И еще одно. Современная культурная ситуация, как я уже сказала, характеризуется тем, что литературой теперь занимаются исключительно обыватели, поймать которых на чем-нибудь гениальном практически невозможно. Во всяком случае для меня, вынуждена это признать. И это тоже заставляет меня обратить свой взор в прошлое и вступить в мысленное соревнование с безжизненными тенями.

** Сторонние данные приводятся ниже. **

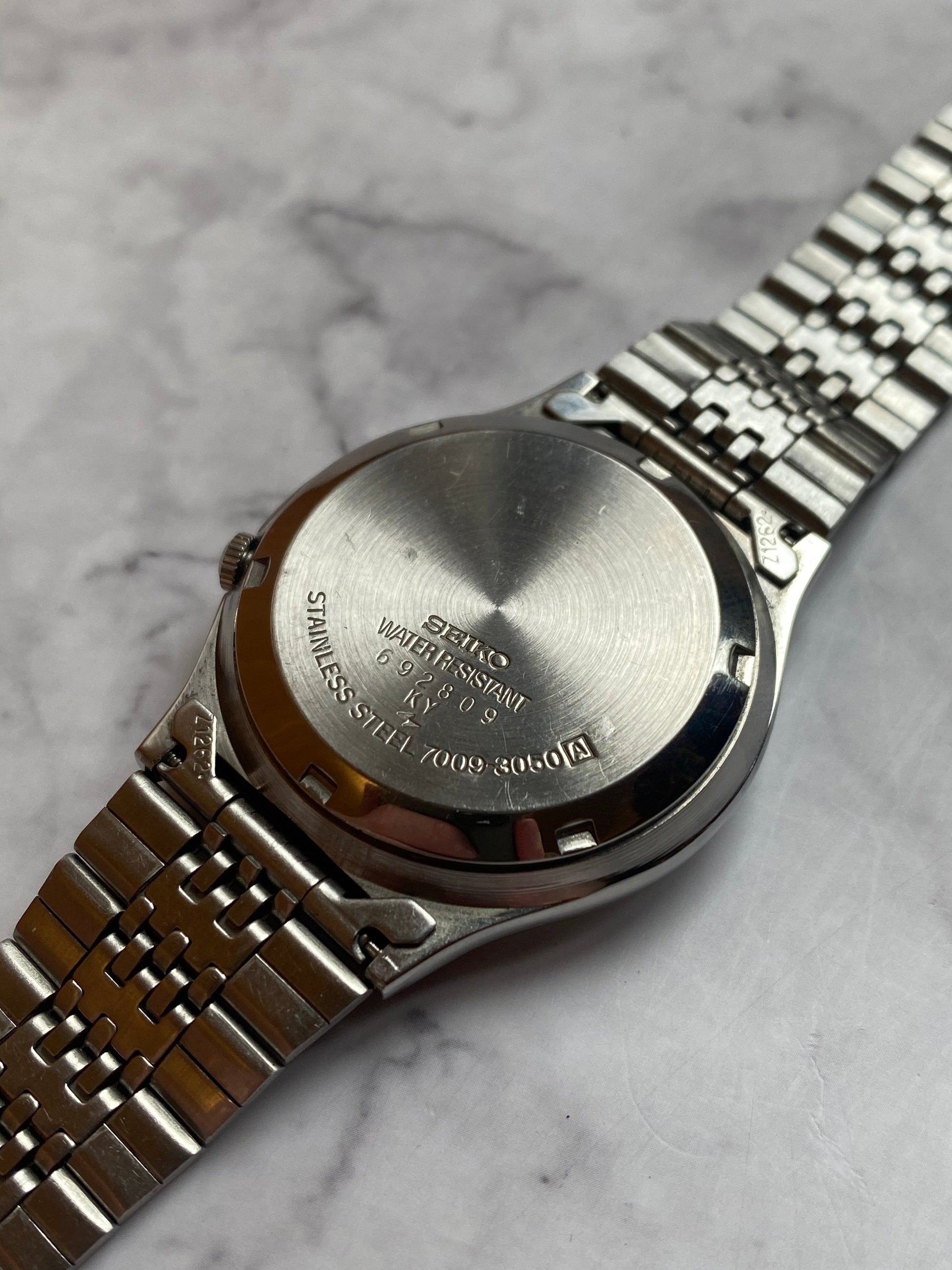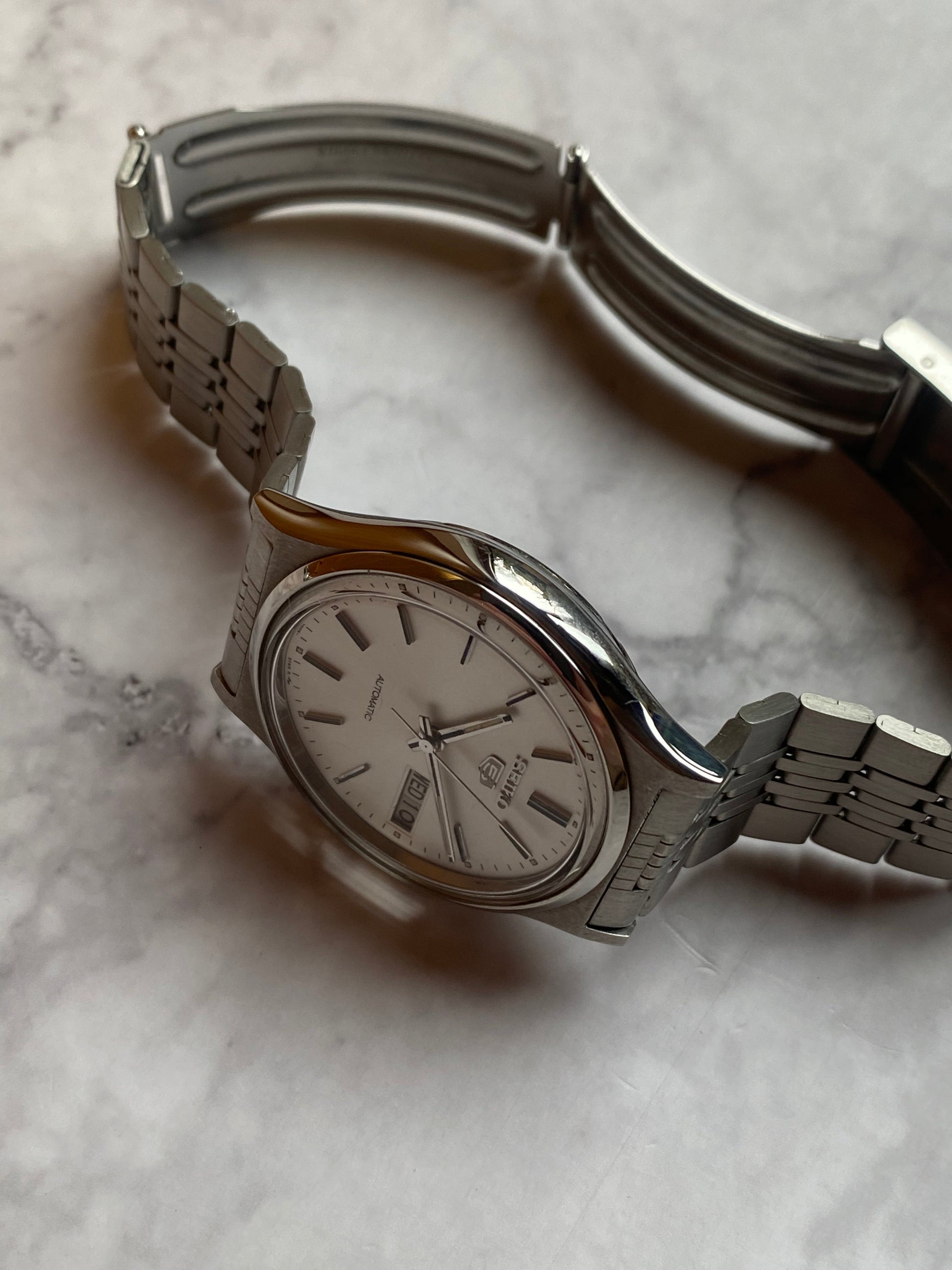This watch is in near mint condition. It has very few scratches throughout. The watch features a sharp silver sunburst dial that displays a fully functional English/German day-date function. The watch is in full working condition and keeps great time.

Главная же проблема современной культуры заключается в том, что обыватель – это такой тип человека, которого вообще трудно в чем-либо уличить. Он, я бы сказала, в этом отношении даже в чем-то сродни ртути: стоит только пролить ее на пол, как потом совершенно невозможно собрать, она все время рассыпается на маленькие комочки и ускользает из рук, не говоря уже о том, что без перчаток ее трогать опасно, так как она еще и ядовита. И оставить на полу ее нельзя из-за этой ядовитости, потому что она не просто высыхает, как вода, а излучает вредные испарения. Вот и обыватель – это тоже такой вечно ускользающий человек-ртуть, которого практически невозможно в чем-либо уличить, а оставить его в покое и ни в чем не уличать тоже невозможно – хлопот не оберешься! Этим обыватель в равной мере отличается и от гения, и от преступника, хотя на самом деле между ними нет никакой существенной разницы, потому что, если хорошенько вдуматься, все они – всего лишь люди, и не более… Просто преступник – это обыватель, которого все-таки удалось поймать за руку и уличить в каком-либо преступлении, а гений – это тоже в своем роде преступник, но такой, которого окружающим не удалось уличить в чем-либо обывательском. И опять-таки, все не так уж и сложно, как может показаться на первый взгляд.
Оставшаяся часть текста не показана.